While some limitations on human rights can be justified during a pandemic to protect public health or other pressing social need, many governments have gone far beyond reasonable and justified restrictions.

Patrick Wilcken, Deputy Director of Amnesty International’s Global Issues Programme, said:

“Security forces all over the world are widely violating international law during the pandemic, using excessive and unnecessary force to implement lockdowns and curfews.

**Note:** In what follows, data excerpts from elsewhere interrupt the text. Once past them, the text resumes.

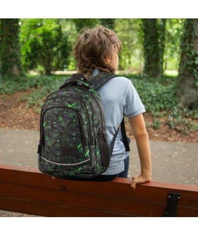 Zielone printy na tym dwukomorowym plecaku prosto z gier komputerowych sprawiają, że jest jeszcze bardziej wyrazisty i z pewnością spodoba się każdemu chłopakowi! Komfortowa budowa plecaka zapewnia wygodę na całe dni w szkole. Dzięki regulowanym szelkom dopasujesz plecak idealnie do wzrostu dziecka, natomiast pokryte oddychającą siatką wyprofilowania zapewniają wentylację, co jest bardzo ważne w ciepłe dni.
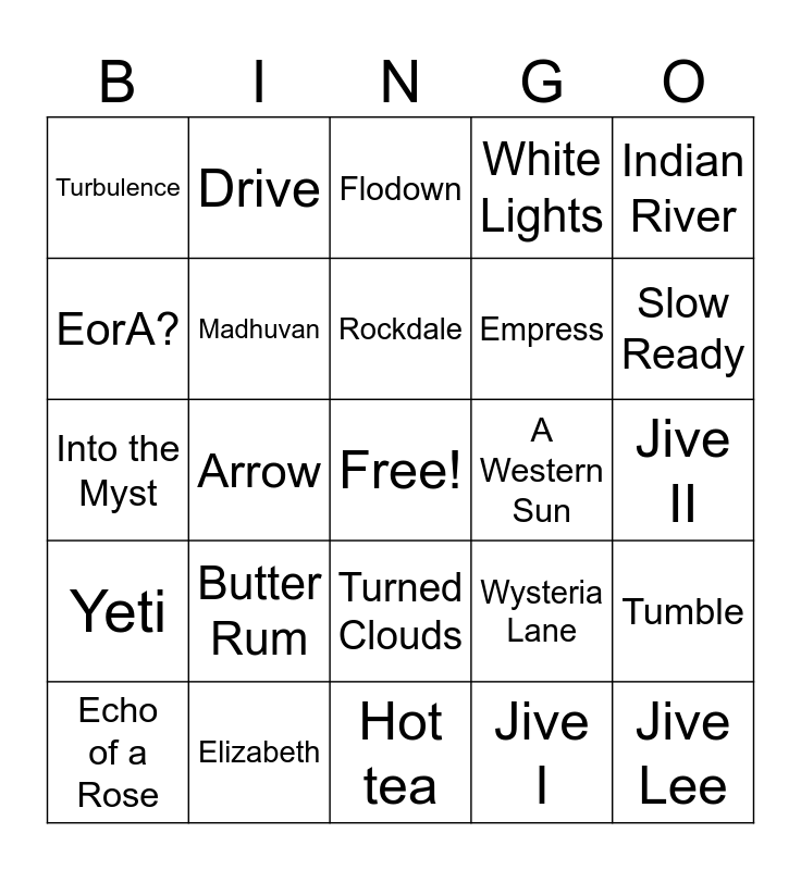 This bingo card has a free space and 31 words: Hot tea, Arcadia, Arrow, Hot love, Turbulence, Flodown, Madhuvan, Wysteria Lane, A Western Sun, Jive I, Jive II, Jive Lee, All I Need, So Ready, Slow Ready, Creatures, Tumble, Butter Rum, Yeti, Turned Clouds, Indian River, Time to Flee, Echo of a Rose, Drive, Empress, EorA?, White Lights, Into the Myst, Elizabeth, Rockdale and Hungersite.
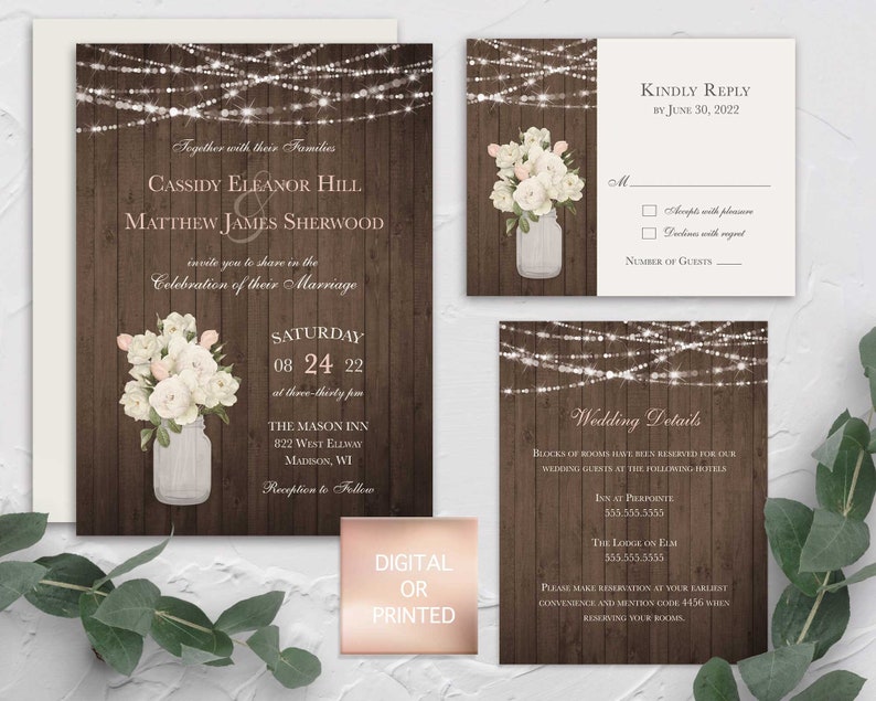 Mason jar wedding invitation rustic wedding invitations babys breath country wedding invitations affordable barn wood wedding card level33graphics from shop level33graphics. Mason jar wedding invitation template rustic wedding invites wildflower wedding printable set floral string lights country wedding suite notedoccasions. Create rustic mason jar wedding invitation. Mason jar wedding invitations faqs.

“The horrific abuses committed on the pretext of fighting COVID-19 include Angolan police shooting a teenage boy in the face for allegedly breaking curfew, and police in El Salvador shooting a man in the legs after he went out to buy food.

“While the role of law-enforcement at this moment is vital to protect people’s health and lives, the over reliance on coercive measures to enforce public health restrictions is making things worse. The profound impact of the pandemic on people’s lives compounds the need for policing to be carried out with full respect for human rights.”

Arbitrary arrests and detentions

Amnesty’s report highlights mass and arbitrary arrests by law-enforcement, showing how police in numerous countries have arrested and detained people for violating quarantine measures; for violating restrictions on travel or holding meetings; for participating in peaceful protests; and for speaking out to criticise their government’s handling of the pandemic.

In the Dominican Republic for example, police detained approximately 85,000 people between 20 March and 30 June, allegedly for non-compliance with the curfew. Between March and May, 510 people in Turkey were reported to have been detained for questioning on account of “sharing provocative coronavirus posts” on social media.

Discrimination

In several countries, police have demonstrated racial bias and discrimination in their enforcement of COVID-19 regulations. Refugees, asylum-seekers, migrant workers, LGBTI and gender non-conforming people, sex workers and homeless people have been particularly affected.

For example, in Slovakia law enforcement and military personnel cordoned off Roma settlements under quarantine, adding to the stigma and prejudice these communities already face. The aggressive application of COVID-19 restrictions has also led to people being forcibly evicted and left without a place where to protect themselves from COVID-19.

In France, volunteers from Human Rights Observers documented 175 cases of forced evictions of migrants by law-enforcement officials in Calais between March and May.

Restrictions on peaceful assembly

Many countries have also used the pandemic as a pretext to introduce laws and policies that violate international law and roll back human rights guarantees, including unduly restricting the rights to freedom of peaceful assembly and freedom of expression. 

For example, at least 16 people were killed by security officers in Wolaita Zone in Ethiopia in August following protests against the arrests of local leaders and activists, allegedly for holding a meeting in contravention of COVID-19 restrictions.

Under international human rights law, restrictions can be lawfully placed on the right to freedom of peaceful assembly in order to protect public health or other legitimate interests, but they must be lawful, necessary and proportionate to a specific aim. However, in many instances, restrictions went much further - for example imposing blanket bans on protests; a prohibition on protests where other public gatherings of similar sizes remained unaffected; or instances where force was used against peaceful protesters.